Но как бы уничижительно я не отзывался о своих трудах и днях, мой путь был
все-таки чем-то похож на путь паломника, пилигрима. И заканчивается он, как в
хорошем романе, на Святой Земле, куда я, правда, не особенно стремился, но куда
был все-таки (опять же вопреки желанию) приведен моей серой декабрьской недотыкомкой. В существование загробной жизни я не верю. И не надеюсь на
встречу с Мишей Фильником и с Коленькой. О, если бы это было возможно! Тогда бы
я еще пожил на этом свете, помыкался бы еще чуток. Любой крест готов был бы
понести на хребте своем семидесятилетнем ради такого подарка... Но, нет. Не
верю... Я умру весь. Именно так, как хотел умереть Борхес. Ему, откровенно
говоря, сделать этого не удалось. Сам виноват! Его имя до сих пор на устах у
человечества. А мое – только на моих собственных устах. Стоит мне заткнуться –
и дыхание имени Феликс Усузов-Ланис исчезнет со стекол вечности. И ничего во
мне не будет, и меня не будет ни в чем. Я умру весь. Умру также не задумываясь,
как и прожил большую часть своей жизни. И хотя бы таким образом наставлю нос
аргентинскому чародею. Когда я лгал, мне было все равно, услышат меня или нет. И меня,
как назло, слышали. Сейчас, когда я говорю правду, я искренне жалею о том, что
могу обратить свои слова только к этим бесконечным пескам. С другой стороны,
все правильно. Ведь когда я лгал, я считал, что мне есть что сказать. Сейчас
сказать мне совершенно нечего. Именно поэтому, повторяю, я так многословен... Мишенька Фильник был нежнейшим человеком и прекрасным
живописцем. Он любил мой декабрит (а смог бы я любить его рак?!) и во время
наших частых ночных посиделок старательно пытался заразиться от меня
воздушно-капельным путем, то есть посредством поцелуя. Иногда мне казалось, что
он понимает в моей болезни больше, чем я сам. Это были моменты наивысшего откровения.
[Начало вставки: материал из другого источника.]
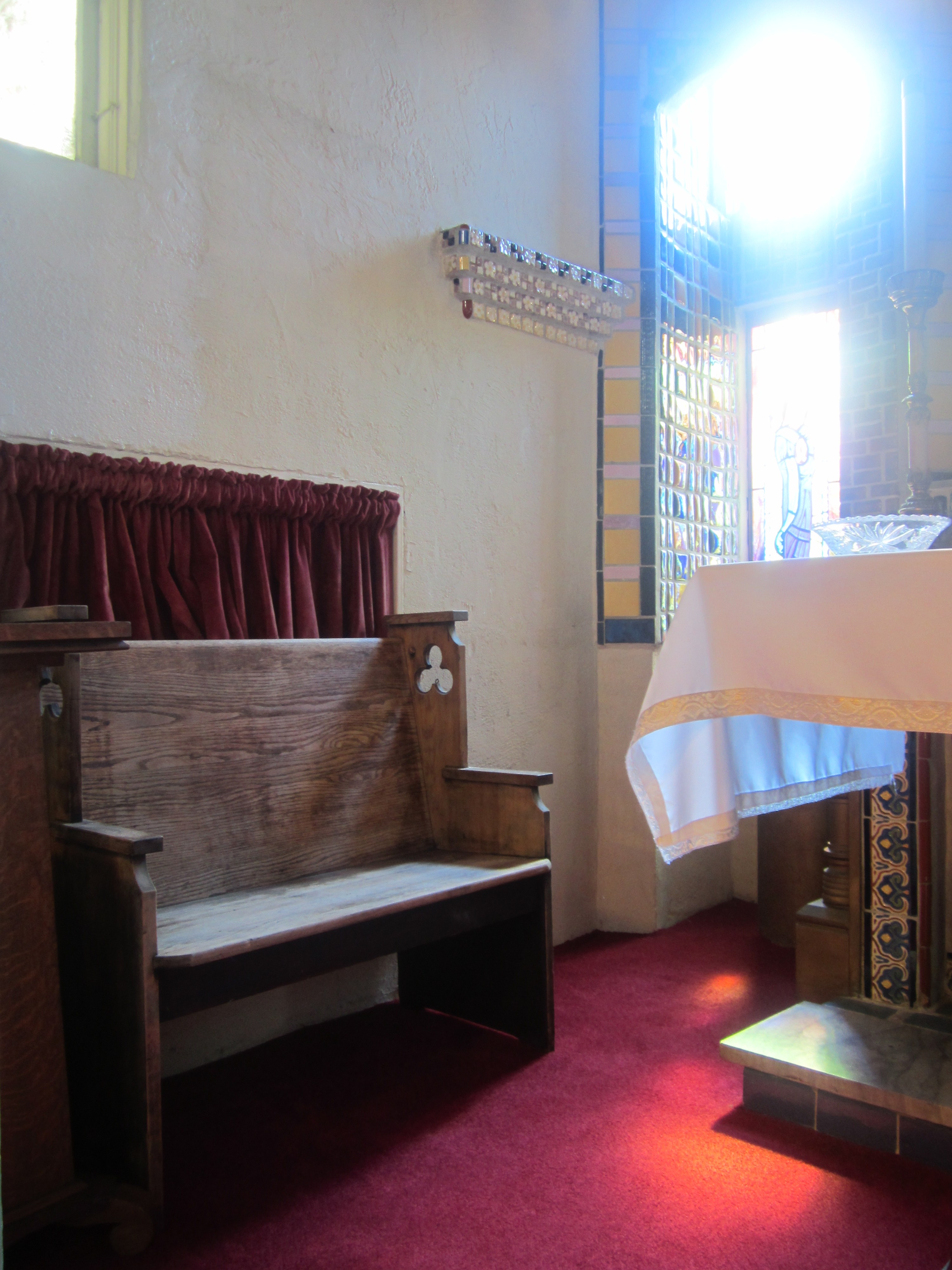 Is it the spirit-filled feelings that entice us to the House of God or any house for that matter? One Saturday not too long ago, I was strolling along with a group led by fearless botanical leader,Ruben Flores, and we entered upon such a magical nest. There was no Easter Vigil, not a single candle lit, no frankincense or myrrh wafting in the air, just the warmth of the tiny cathedral built in the shadow of the imposing St. Mary’s Episcopal Church. Something about its infinitesimal size and its simple décor that touched our hearts.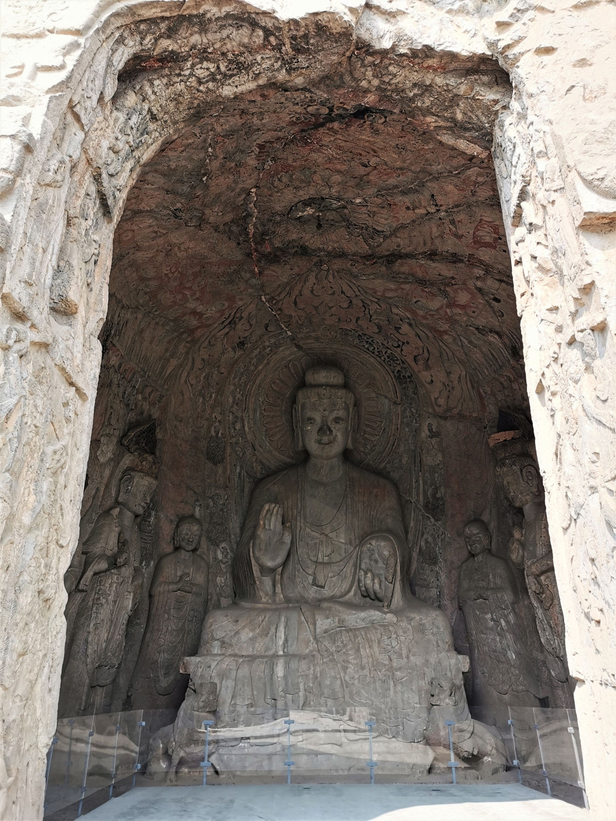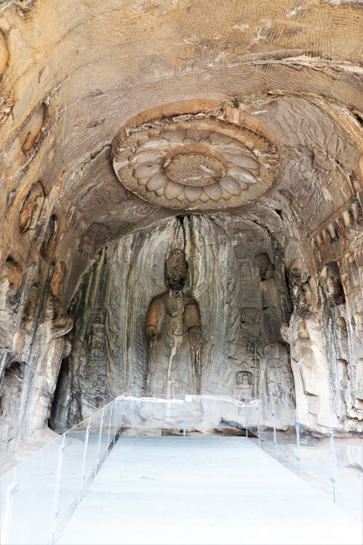 The Binyang Middle Cave (宾阳中洞), built during the Northern Wei period, features stunning high-relief lotus carvings on the ceiling.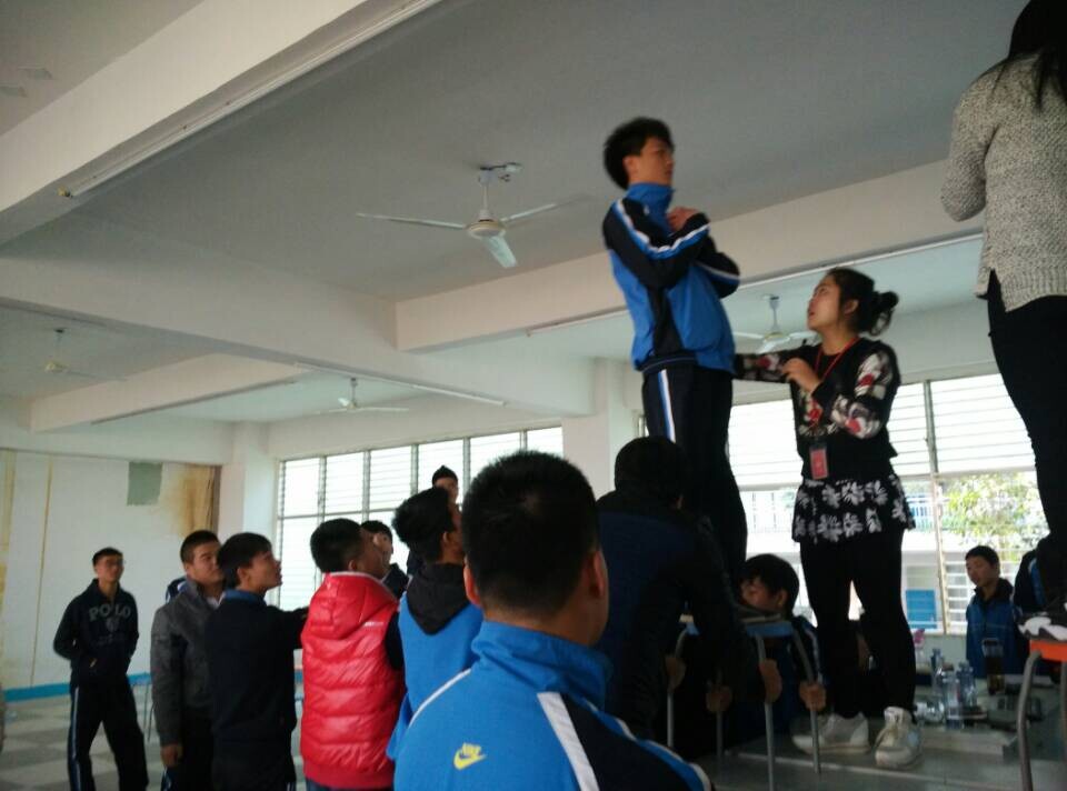 这个游戏告诉我们齐心协力做一件事,就有可能会成功。信任背摔是最后一个游戏,也是最能考验我们团结与信任的游戏,选出一名队员站在桌子上选择背摔,而其他队员则在下面肩搭肩接住上面摔下的每个队友,站在上面的队员要足够信任底下的队友,身体挺直,自然倒下,只有这样才完美完成背摔。这个游戏需要很大的勇气,虽然不知道自己身后的队友是否能接住自己,但是每组队员还是争先恐后的上去选择背摔,因为他们足够相信身后的队员是他们坚强的后盾。

Мы сидели у камина, пили водку или вино, и тихо-тихо говорили о нас двоих.
Других тем у нас не было. Да и откуда им было взяться? Мы дружили вдвоем. Я и
он. Нас не объединяло общее дело, мы не были связаны воспоминаниями о детстве
и, тем паче, родственными узами. Мы были две души, которые жили друг с другом в
слишком близком соседстве, в таком близком, что невозможно было определить
расстояние, их разделяющее. Такая дружба, право слово, выпадает человеку не
чаще, чем декабрит. Мишенька был моим исповедником, духовником,
душеприказчиком. Он был добрым и сильным человеком, человеком, в котором я видел
несостоявшегося себя. Смею надеяться, что и я вызывал у него подобные чувства. Что же касается моего погибшего сына, то, должен сказать
откровенно, отцом я себя никогда не ощущал. Во всяком случае, по отношению к
нему. Характером он вышел в мать (в мою жену, Осокину по национальности,
развалившую крепкую советскую ячейку общества и построившую в Упсале под
Стокгольмом свою постсоциалистическую шведскую семейку). Он рос волевым и
упрямым парнем, закончил военно-медицинскую академию, стал офицером. Еще в
раннем детстве (я так думаю) он стал ощущать во мне человека беспомощного. Не
знаю почему, но я ему, кажется, даже помогал утвердиться в этом чувстве. Как-то
так получилось, что мы с сыном стали представлять собой весьма оригинальную
пару – благодарных друг другу слепца и поводыря. Первый, то есть я, получал
удовольствие от того, что благодаря второму не пропадает в этой кромешной тьме.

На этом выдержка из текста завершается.